La gestione dell’inbound marketing funge in qualche modo da monitor per l’azienda, e mediante strumenti di web analytics è in grado di fornire un’indicazione, più o meno di massima, sul tasso di interessamento che l’azienda è in grado di generare presso il proprio pubblico. Per quanto alcuni segnali siano soggettivamente interpretabili, in alcuni casi, sono un indicatore prezioso per le aziende che operano sul web, e non dovrebbero essere sottovalutate. Cosa che spesso poi accade dato che, in molti casi, una mentalità  “padronale” o accentratrice svilirebbe questo approccio, limitandosi a considerare il fatto che non vogliono “regalare” niente a nessuno. Il punto pero’ è fallace: se è vero che creare contenuti a tema ha un costo, ovviamente, e crearli molto buoni può avere un costo ancora maggiore, si tratta di una forma di investimento che rende al meglio nel medio-lungo periodo, soprattutto canalizzando e targetizzando in modo accurato il funnel di conversione.

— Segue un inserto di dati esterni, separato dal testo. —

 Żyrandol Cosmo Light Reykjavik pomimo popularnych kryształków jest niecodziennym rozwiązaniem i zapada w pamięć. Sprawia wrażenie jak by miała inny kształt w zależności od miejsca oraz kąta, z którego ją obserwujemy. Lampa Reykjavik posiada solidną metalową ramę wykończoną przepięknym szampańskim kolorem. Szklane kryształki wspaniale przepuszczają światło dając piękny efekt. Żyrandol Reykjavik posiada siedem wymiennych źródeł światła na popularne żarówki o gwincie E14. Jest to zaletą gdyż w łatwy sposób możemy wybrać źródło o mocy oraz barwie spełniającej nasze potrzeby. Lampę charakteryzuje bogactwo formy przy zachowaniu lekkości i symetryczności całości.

Attività  tipiche da svolgere per un buon inbound marketing sono ad esempio la ricerca sui clienti, le analisi di settore, lo studio delle tendenze (Google Trends, ad esempio) unite alla classica documentazione dei requisiti e l’impostazione della strategia del prodotto. Non è raro, comunque, che le tecniche inbound siano analoghe o molto simili a quelle outbound, che possano anche convivere senza problemi e che siano svolte dallo stesso team di lavoro, in alcuni casi.

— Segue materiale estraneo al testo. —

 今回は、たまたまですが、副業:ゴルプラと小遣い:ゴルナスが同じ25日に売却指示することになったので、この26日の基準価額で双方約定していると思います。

Il contenuto scritto e pubblicato al fine di generare lead (conversioni, click, acquisti online a seconda dei casi) è spesso un fattore chiave per mettere in atto un marketing inbound di successo. Blog, podcast, video, e-book, infografiche e white paper sono spesso tipici canali di comunicazione in tal senso, alla luce della considerazione: se mi arriva traffico di qualità  nel sito, allora i miei visitatori possono essere considerati, alla lunga, clienti. Per quanto sia diventata un’espressione un po’ abusata, ancora una volta Content is king, insomma.